(“Never struck me before what pious initials mine are.”)

The very evening I received this letter I happened to be dining at the Probyn’s. As luck would have it, pretty Miss Freda was staying in the house, and she fell to my share. I always liked her, though of late I had felt rather angry with her for being carried away by the general storm of admiration and swept by it into an engagement with Lawrence Vaughan. She was a very pleasant, natural sort of talker, and she always treated me as an old friend. But she seemed to me, that night, a little less satisfied than usual with life. Perhaps it was merely the effect of the black lace dress which she wore, but I fancied her paler and thinner, and somehow she seemed all eyes.

“Where is Lawrence now?” I asked, as we went down to the dining-room.

“He is stationed at Dover,” she replied. “He was up here for a few hours yesterday; he came to say good-bye to me, for I am going to Bath next Monday with my father, who has been very rheumatic lately—and you know Bath is coming into fashion again, all the doctors recommend it.”

“Major Vaughan is there,” I said, “and has found the waters very good, I believe; any day, at twelve o’clock, you may see him getting out of his chair and going into the Pump Room on Derrick’s arm. I often wonder what outsiders think of them. It isn’t often, is it, that one sees a son absolutely giving up his life to his invalid father?”

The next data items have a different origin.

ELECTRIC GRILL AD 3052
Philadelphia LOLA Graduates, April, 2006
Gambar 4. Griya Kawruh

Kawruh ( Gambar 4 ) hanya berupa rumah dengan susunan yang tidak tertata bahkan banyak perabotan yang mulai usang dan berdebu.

She looked a little startled.

“I wish Lawrence could be more with Major Vaughan,” she said; “for he is his father’s favourite. You see he is such a good talker, and Derrick—well, he is absorbed in his books; and then he has such extravagant notions about war, he must be a very uncongenial companion to the poor Major.”

I devoured turbot in wrathful silence. Freda glanced at me.

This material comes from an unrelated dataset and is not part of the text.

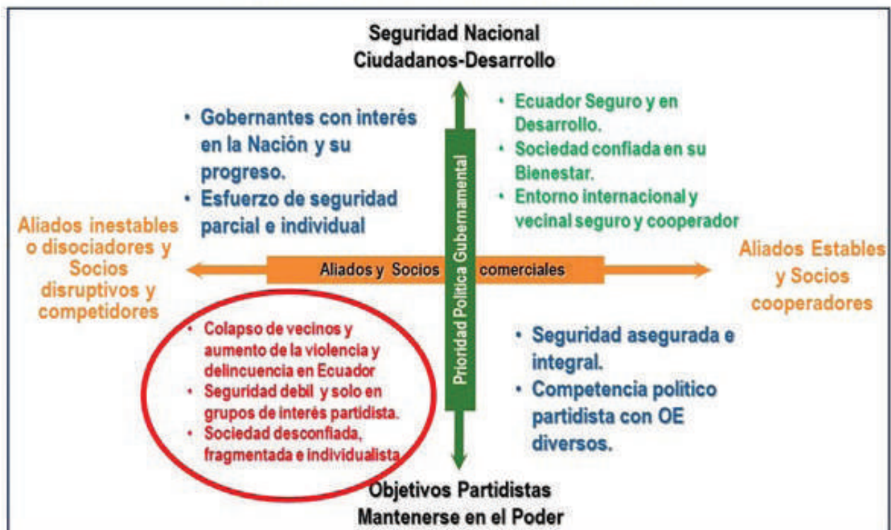
Matriz de los Impulsores A y C

“It is true, isn’t it, that he has quite given up his life to writing, and cares for nothing else?”

“Well, he has deliberately sacrificed his best chance of success by leaving London and burying himself in the provinces,” I replied drily; “and as to caring for nothing but writing, why he never gets more than two or three hours a day for it.” And then I gave her a minute account of his daily routine.